Throughout the COVID-19 pandemic, Iowa hospitals have been overwhelmed, especially in recent months as hospitalizations due to the virus continued to reach record-breaking numbers.
“In a lot of ways, Iowa is serving as the control group of what not to do,” University of Iowa infectious-disease doctor Eli Perencevich told The Atlantic’s Elaine Godfrey.
As of 10 a.m. on Thursday, the Iowa Department of Public Health was reporting 251,028 confirmed cases of COVID-19, as well as 3,120 deaths. A total of 863 individuals are hospitalized.
Little Village interviewed two nurses about their experiences, how they have been supported by their hospital and the most challenging parts of the pandemic they have had to face.
Lia Basemann is a registered nurse at UnityPoint Health-St. Luke’s Hospital in Cedar Rapids. Abby Williams-Clearly has been a medical-surgical nurse for more than six years at UnityPoint Health-Grinnell Regional Medical Center.
Their responses have been edited for clarity.
What has been the most challenging and frustrating part of this pandemic?
Lia Basemann: No matter what you do sometimes this illness is vicious. No matter what we do and the efforts we put in are just never enough. We are so used to doing everything we can to fix people. Right now no matter what we are doing, sometimes it’s not enough. Then we have to turn to doing our best of keeping them comfortable, which as nurses, it’s not something that is always easy. We always want to fix them, so when you can’t, it’s just heartbreaking.
Abby Williams-Clearly: The most challenging thing is as you are watching your patients struggle and sometimes fail, just having to care for them when their families are at a distance — when they are on Facetime or at the window or in the parking lot praying for them. It’s just really hard to be at these end of life situations where there’s such a divide between the patient and their family. As a nurse who has been at a lot of end of life situations in my career, this is different, and it’s really painful. It’s a very hard thing to witness.

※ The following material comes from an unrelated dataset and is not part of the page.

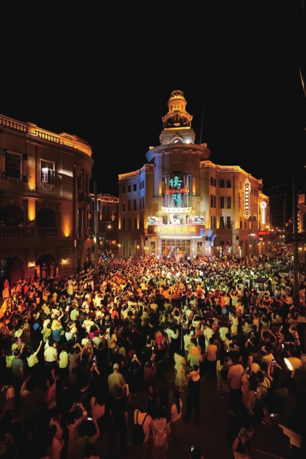 酉时的“时光之城·1944”,星光与灯火交织。浑厚的交响乐穿过“时光隧道”,老衡阳的市井画卷在眼前铺展:报童递来“旧报纸”,“号外!号外!”的吆喝声清脆响亮;珠光宝气的“富太太”们坐着“黄包车”在青石板路上穿梭;铁炉门茶馆里飘出传统茶香;舞者蹁跹、武者挥拳踢腿,360°的行进式演艺让游客瞬间入戏,整条街化作活态舞台。最是那旅拍妆造,在应景的“民国街头”,女人们不论高矮胖瘦、年长年少,全部摇身变成了窈窕、贵气的“民国明星”,成为街区一道靓丽的风景线。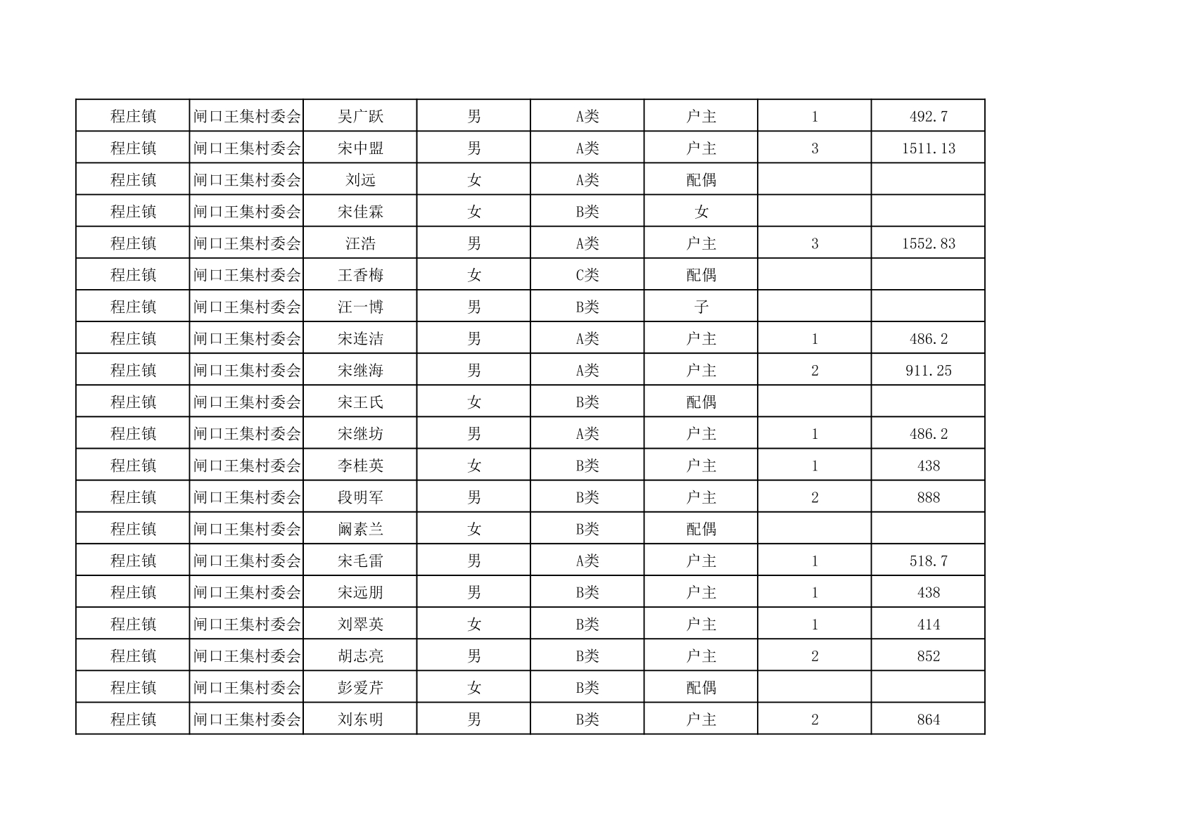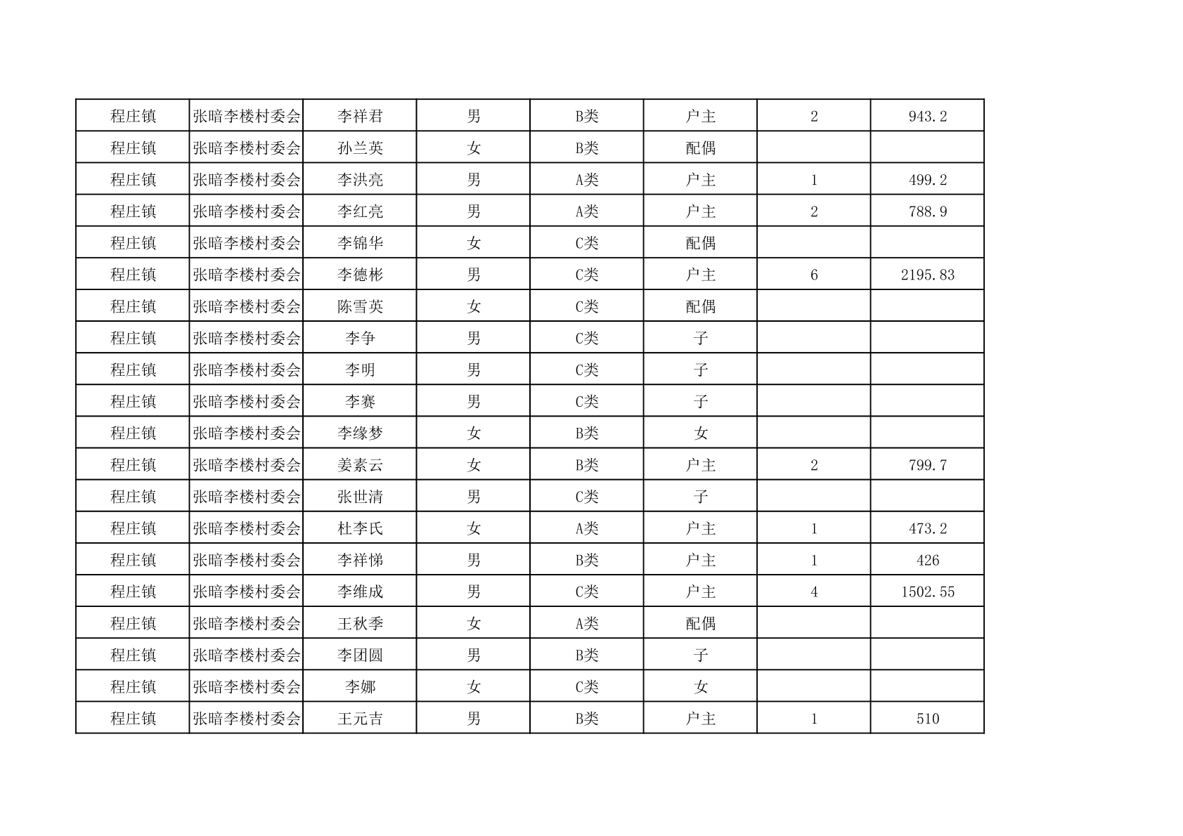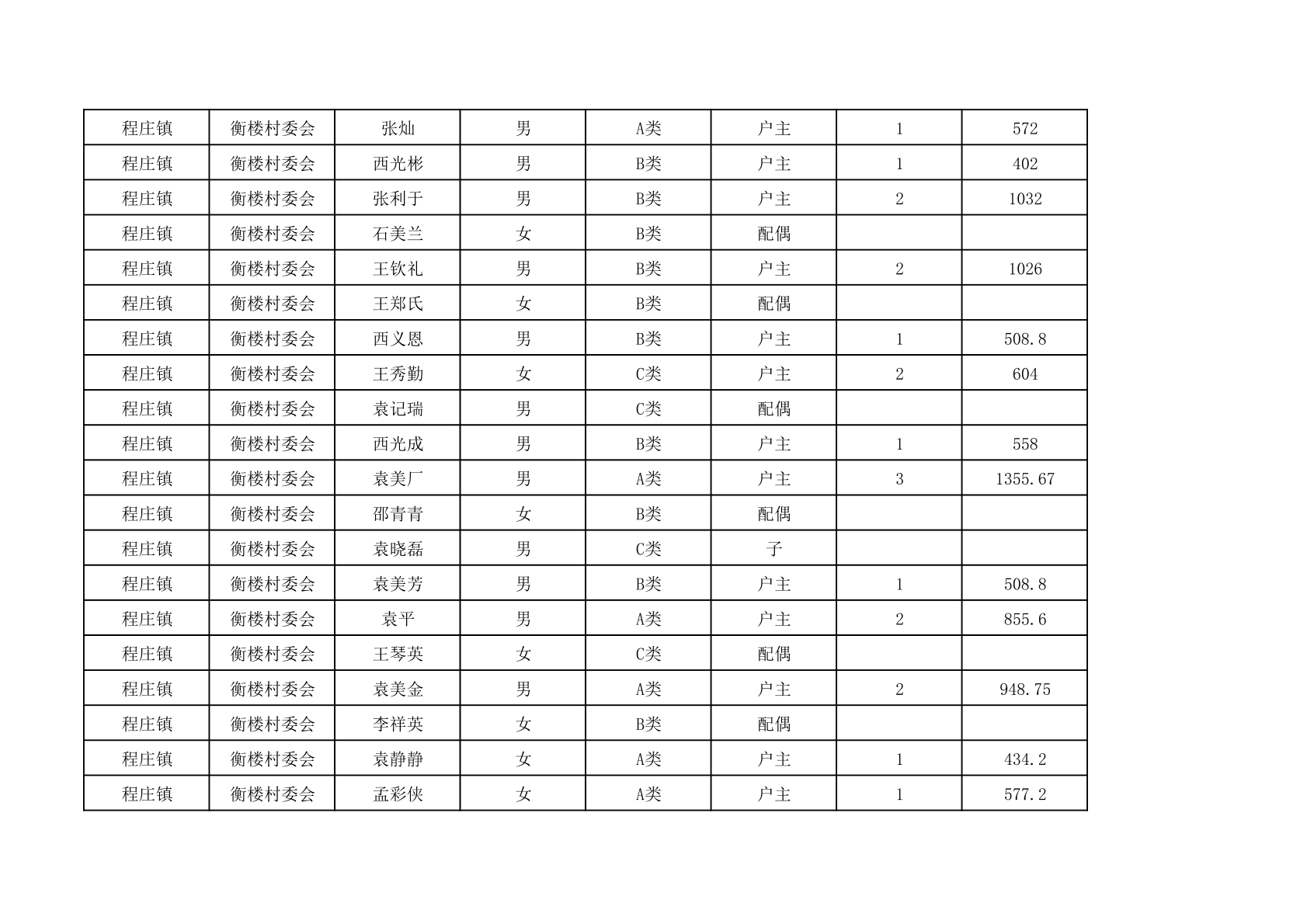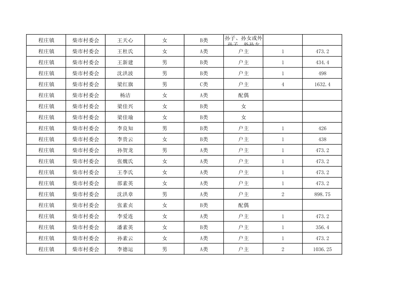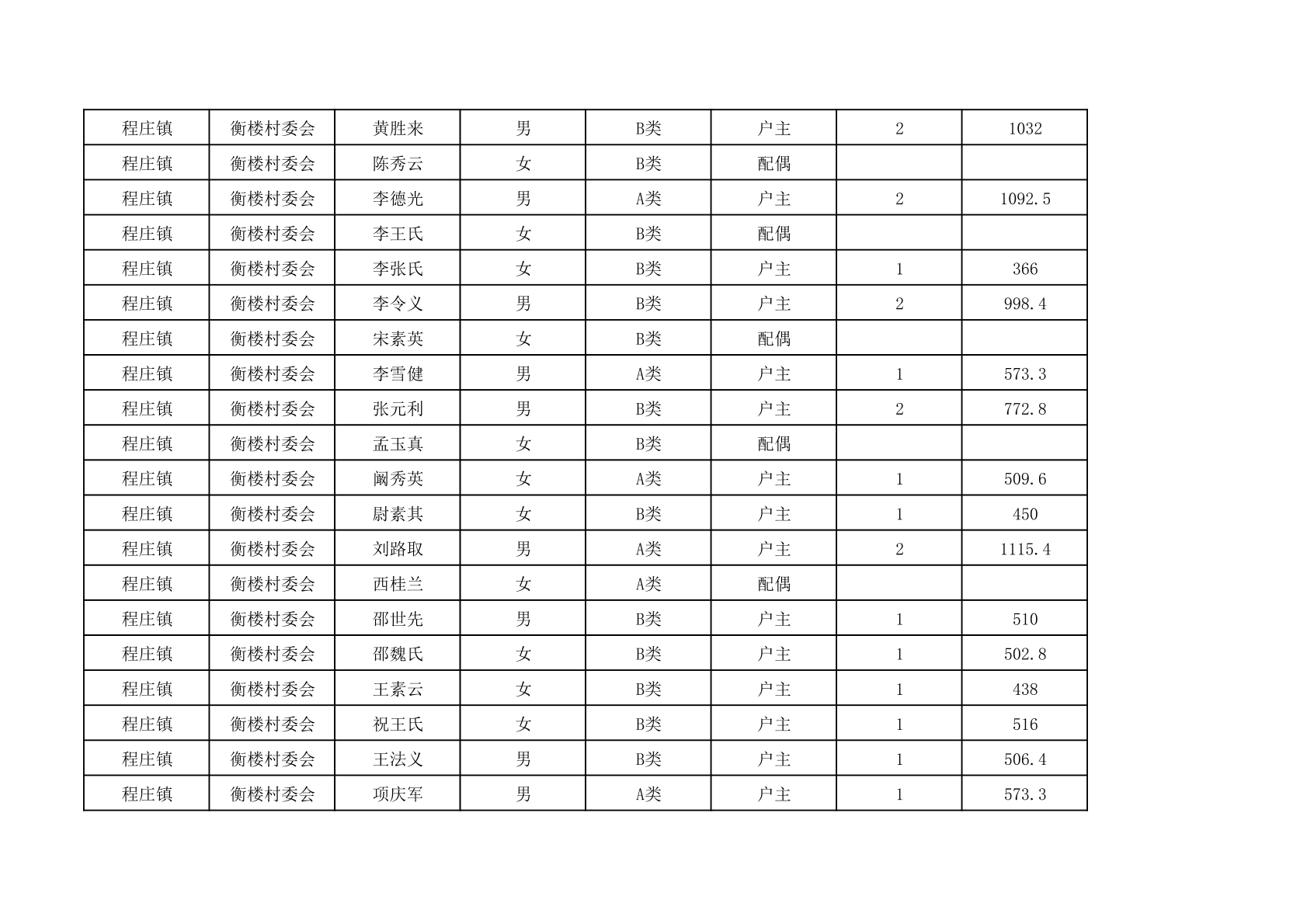 程庄镇2025年9月农保资金发放名册

How have you and your coworkers supported one another?
LB: We do a lot of game days. We will socially distance and play games at someone’s house. Monopoly is a huge game that me and my coworkers are just like, ‘let’s get distracted and go play a game and just try and forget what’s happening at the hospital.’
AWC: We support each other in the ways that we always do. It’s important for us to hold space for one another to be vulnerable because we are going through this together. I think we should give each other grace where we can. It’s been really good to have each other to talk to. The community has been really good with little treats and words of encouragement to keep going.
What has your hospital done to support you?
LB: At my hospital, they are offering debriefings multiple times a week. We have therapists that we can [talk to] for free if we need to. I think it’s hard especially for nurses to ask for help, but we are educating them that they need to go talk to somebody before this takes a toll on them. We have so many new nurses that are coming into the hospital. This is their first year, and this is what they are dealing with. I am scared that this will deter some pretty amazing nurses away because it’s been such a tough year.
AWC: They are taking it very seriously with plans on what to do if we fill up. Right now, we have an incentive program if you are picking up extra shifts. If there’s a hole in the schedule, you get a COVID incentive pay, which is a nice benefit to have. We are supported emotionally. There’s a lot of different ways that they show they are taking this seriously and preparing as much as they can.
Health experts are predicting that we are about to enter the darkest period in this pandemic. Do you (hospital, healthcare staff) feel prepared?
LB: I feel at my hospital we are prepared for whatever is going to come our way. We are nervous that it’s about to get really bad with the holidays coming up and people not wanting to socially distance themselves because they want to be with their families. I hope people take this seriously and hunker down so we don’t see so many people coming in and getting the virus and passing away.
AWC: I think the world of our team. I work with a hardworking professional team — our nurses, respiratory specialists, our CNAs and Dr. Graham is our fearless COVID leader. I know there are meetings on what to do and preserve supplies, but I don’t think we can be fully prepared. We can’t manufacture more nurses and doctors. We can’t make a cure. We can’t make people care. I don’t think we can be ready, [but] we are as ready as we can be.
Overall, what’s been the hardest thing you have had to do during this pandemic?
LB: I had a patient who needed to go on a ventilator. This was at the very beginning before we really started changing our care plans for these patients. We wheeled him over. He was awake on the phone with his wife, knowing he was going to be intubated, not knowing if he was going to wake up again. That was the hardest day of my entire nursing career.